Ok people, we need to talk about what seems to be a 21st century phenomenon: retirees taking art courses and expecting to exhibit and sell their creations.
            Many of you come to art after a working lifetime in other fields, all geared up because sometime in your youth or childhood, you must have done something artistic (with apologies to Rogers and Hammerstein). You are adults +, have perhaps been highly successful in positions of power or authority; perhaps you brought children to adulthood and usefulness, perhaps you have accomplished miracles as members of philanthropic associations and/or garnered respect for your knowledge in and contributions to your field. Or conversely, maybe you endured or even hated the domain that ate up your creativity and felt dissatisfied and under-appreciated in it; you have spent a lifetime dreaming of something more exciting, maybe something sexier.
Then you have retired, or approached retirement. Your profession no longer needs you, or you no longer need it.

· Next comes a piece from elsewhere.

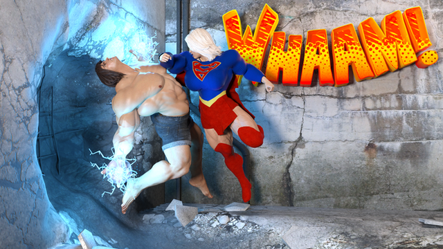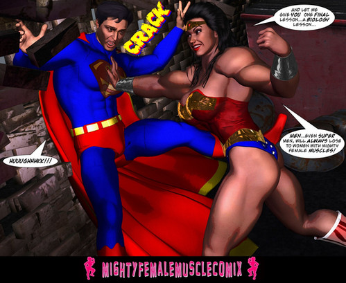 This weeks update of the superhero grudge match between a wondeful woman with mighty female muscles and a not quite as super as he thinks man... He's being shown that he might be the strongest man in the universe, but nothing beats mighty female muscles!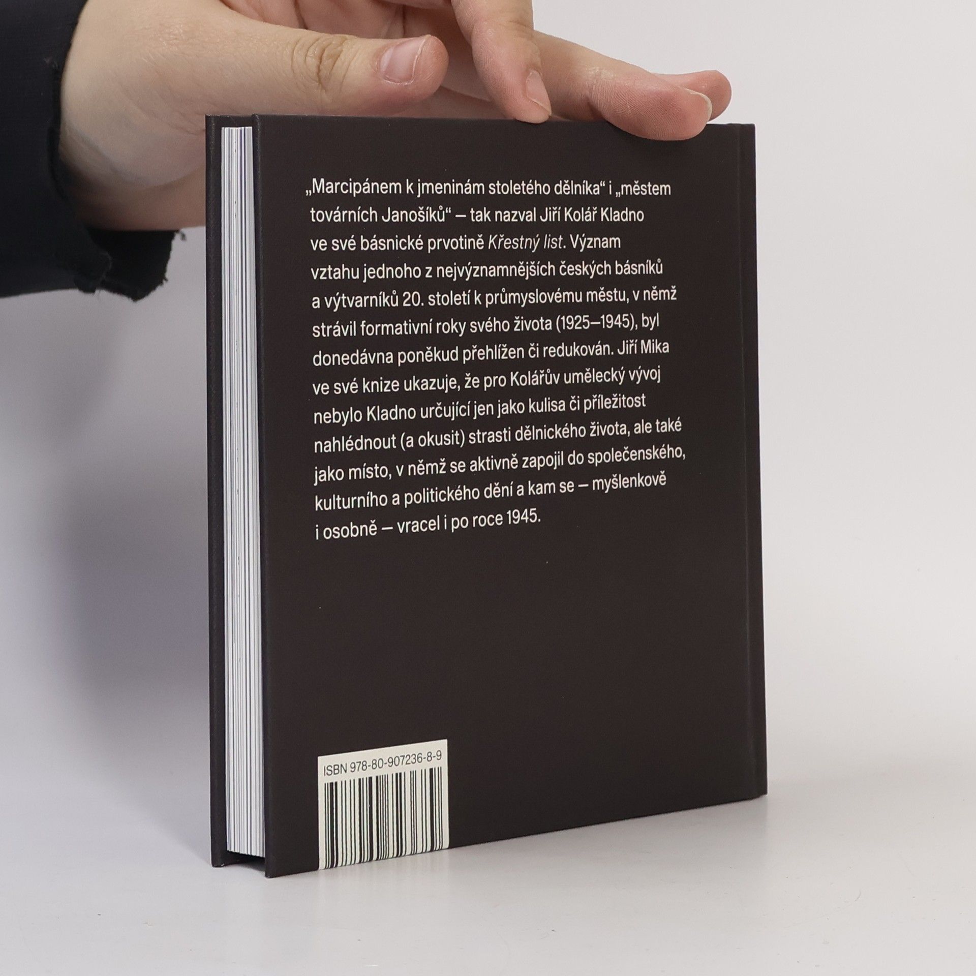 "Marcipánem k jmeninám stoletého dělníka" i "městem továrních Janošíků" - tak nazval Jiří Kolář Kladno ve své básnické prvotině Křestný list. Význam vztahu jednoho z nejvýznamnějších českých básníků a výtvarníků 20. století k průmyslovému městu, v němž strávil formativní roky svého života (1925-1945), byl donedávna poněkud přehlížen či redukován. Jiří Mika ve své knize ukazuje, že pro Kolářův umělecký vývoj nebylo Kladno určující jen jako kulisa či příležitost nahlédnout (a okusit) strasti dělnického života, ale také jako místo, v němž se aktivně zapojil do společenského, kulturního a politického dění a kam se - myšlenkově i osobně - vracel i po roce 1945.

            What to do? Too many of you come to art classes expecting to just cross the floor, to sashay gracefully into being ‘an artist’ at the same level and with the same ease with which you were something else, and for the same or better acclaim. Perhaps you’ve held on to that pleasure or praise you got from a teacher long ago, or nurtured the idea that you’d have been an artist if life hadn’t conspired against you. All you have to do is to just do it and all will be well.
            I hate to be the one to bring this up but I must point out that it doesn’t quite work that way.
Seniors retire and come to art classes as adults, expecting to pick up where they left off, forgetting they often left off art as children or youth. They believe that the knowledge, skill and attitudes, but especially the desire they had then are sufficient, that with a couple of courses here, a few how-to’s there and very little practice in between, they will become ‘artists’.
It doesn’t seem to matter to them that art is a living practice,  that its tools, its materials, its subjects, its styles, its themes and its concepts have kept pace with an eve-changing world. They disregard the fact that others have dedicated their lives to research, discussion, debate and practice to sustain, grow and popularize the profession. They will be the artists they were as children or youth and ignore, even disdain, the entire body of knowledge and skill that has evolved into today’s art world.
As an educator, this is my lesson if you are one of these seniors: Forget supplementing your retirement income. Make art because you have your own images clamouring to be expressed, for which you will take whatever time it takes to learn and develop the necessary skills, techniques and concepts. But do so aware, connected. If you are the artist you imagine you always were, if you really love art, not just the romance of it, then you will engage with all aspects of the profession to fill in the gaps in your knowledge and understanding. You will find this exciting, not onerous; you will not lament the money, space, time and effort it will take. You will support the profession not just as a maker, not just to exploit what others have accomplished, but also as an informed viewer. You will respect what it is to ‘be’ an artist.